I was tickled by your misspelling (or at least I think that it was) of your winding your way through the marital thicket.  It is appropriate that I read this on the anniversary of your most recent (and lasting) relationship.  Back in the late 1950's, all Phillips University students were required to take a course in personal health.  It was taught by one Mary Anne Blakey (or maybe it was Blakely) who was an ancient (at least so it seemed to us young whippersnappers) "maiden lady."  When we got to the chapters dealing with physical intimacy and sexual relations, particularly the subject of premarital sex, she advised us to "read that on your own."  She referred to it as "premartial sex" and pronounced it that way, too.    Bill.  

Yikes, I must have been drunk or half asleep on that posting! That wasn't the only misspelling and some of the sentence structure wasn't so great either! Ahhh, such is the life of a blogger.

But your story reminded me of my college professor who taught the entire chapter on premarital sex calling "acting ugly!"

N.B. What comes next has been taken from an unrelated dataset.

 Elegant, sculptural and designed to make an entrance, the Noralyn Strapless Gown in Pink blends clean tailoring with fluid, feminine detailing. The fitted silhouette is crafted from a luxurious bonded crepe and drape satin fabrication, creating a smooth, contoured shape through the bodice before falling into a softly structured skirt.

AuthenticitySaturday, February 20th 2010 12:48PM

I think that I took a different martial path than you!  I joined the US Navy BEFORE I chose to marry Sue Hope Johnson.  Was it authentic?  I think so.  If we had been married earlier (we had been engaged some three years earlier, but broke it off), I wouldn't have known there was any other route than secondary school, university, graduate school, then marriage.  We probably would have been "caught" by the military draft because of the Vietnam war.  I might have survived that.  I might not have made the choice to stay married to Sue and remained in the Navy.  

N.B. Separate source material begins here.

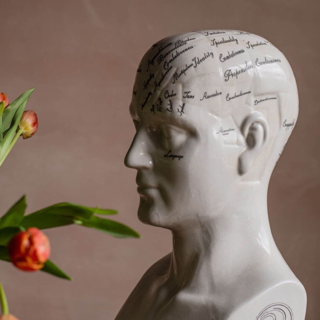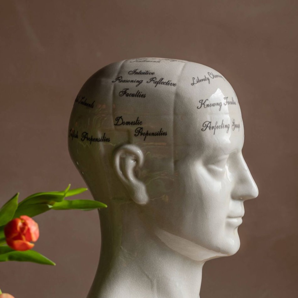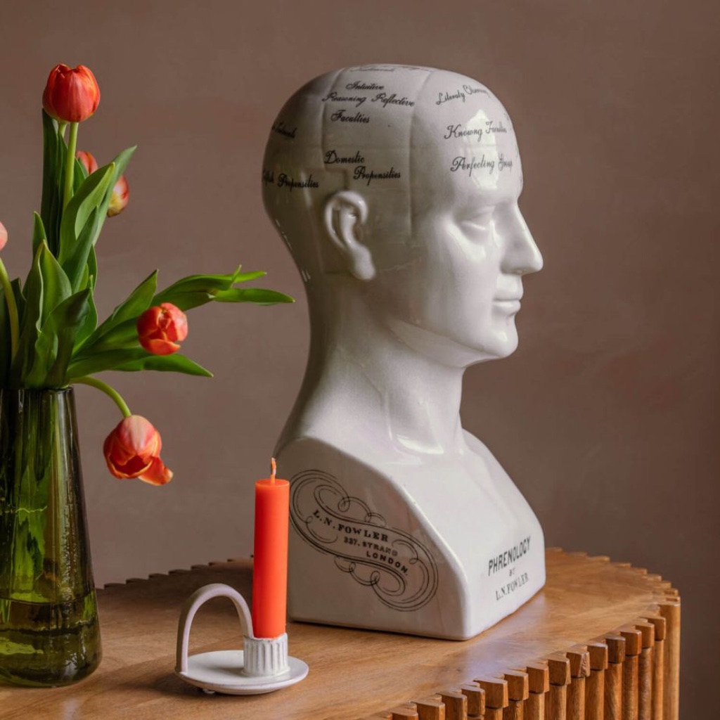 Crafted from porcelain and finished in an antique style, this phrenology head brings a touch of historical intrigue to any interior. Inspired by the 19th-century theory that personality traits could be mapped across the contours of the skull, it captures the spirit of a bygone fascination with character and classification.

All these are "what ifs."  Instead, I have been married to the most beautiful and patient woman I know, almost 47 years.  I can count on one hand the times that I have thought of leaving her.  Luckily, sanity prevailed and I was able to go on.  My only wish is that people could know that degree of "who am I" a bit earlier, so that they could relish each day.

Your wish is my wish. I hope my memoir leads even one person further down that road of authenticity.